940- Ebû Hureyre'den nakledilmiştir ki: Resûlüllah (sallallahü aleyhi ve sellem) şöyle buyurdu:

" Teşbih (sübhânallah demek) erkekler için ve el çırpmak da kadınlar içindir"

Buhârî, amel fi's-salât 5-, ezan 48, sehv 9; Müslim, ikâme 65; Muvatta, sefer 21; Ahmed b. Hanbel, II, 261, 317, 376, 432, 440, 473, 479, 492, 507, 529; III, 348, 357; V, 336, 338.

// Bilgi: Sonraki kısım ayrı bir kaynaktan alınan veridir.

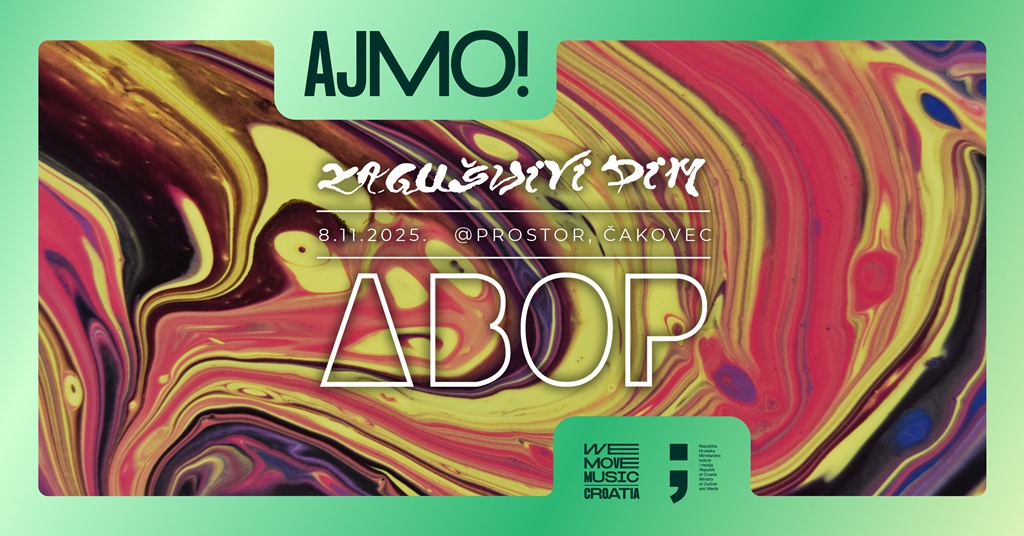 Prostor ponovno postaje mjesto nezaobilaznog glazbenog susreta. Nakon što je prošle godine projekt AJMO! pokazao da Čakovec itekako ima publiku željnu eksperimenta, ritma i atmosfere koja se pamti, stiže novo izdanje, s prvim od četiri pomno birana koncerta. Već 8. studenog u Prostor dolaze Zagušljivi dim i ABOP – dvije postave koje, svaka na svoj način, pomiču granice žanra i doživljaja glazbe uživo.

941- Sehl b. Sa'd es-Sâidî (radıyallahü anh)'dan rivâyet edilmiştir: Resûlüllah (sallallahü aleyhi ve sellem) (bir kere) aralarını düzeltmek için Amr b. Avf oğulları (yurdu)na gitmişti. Namaz vakti geldi müezzin Hazret-i Bilal (radıyallahü anh) Ebû Bekr (radıyallahü anh)'e gelip, " cemaate namazı kıldırır mısın? İkâmet edeyim mi? diye sordu. O da " evet" dedi ve namaza başladı. Resûlüllah, cemaat namazda iken teşrif etti. (Safları yara yara birinci) saffa kadar vardı. (Onu gören) cemaat el çırptılar. Ebû Bekr (radıyallahü anh) namazım kılarken başını çevirip (hiç bir tarafa) bakmazdı. (Arkasındaki) cemaat el çırpmayı çoğaltınca başını çevirip bakdı ve Resûlüllah (sallallahü aleyhi ve sellem)'i gördü. Resûlüllah (sallallahü aleyhi ve sellem) " yerinde dur" diye kendisine işaret buyurdu. Ebû Bekr (radıyallahü anh) ellerini kaldırıp Resûlüllah (sallallahü aleyhi ve sellem)'in kendisine olan bu emrinden dolayı Allah'a hamdu sena etti. Sonra Ebû Bekr (radıyallahü anh)(birinci) saffa girinceye kadar geri geri gitti. Resûlüllah (sallallahü aleyhi ve sellem) de ileriye geçip namazı kıldırdı. Namazdan çıkınca;

" Ey Ebû Bekr, sana emrettiğim zaman seni yerinde kalmaktan alıkoyan sebeb ne idi?" diye sordu. Ebû Bekr de;

" İbn Ebî Kuhâfe için Resûlüllah (sallallahü aleyhi ve sellem)'in önünde (durup) namaz kılmak uygun olmaz" dedi. (Ondan sonra) Resûlüllah (sallallahü aleyhi ve sellem) (cemaate dönüp);

" Size ne oluyor da el çırpmayı bu kadar çoğalttınız? Namazdayken her kim bir olayın ortaya çıktığını görürse, " Sübhânellah" desin, sübhânallah dediği zaman (elbette) kendisine (imam tarafından dönüp) bakılacaktır. El çırpmak ise, kadınlara mahsustur" buyurdu.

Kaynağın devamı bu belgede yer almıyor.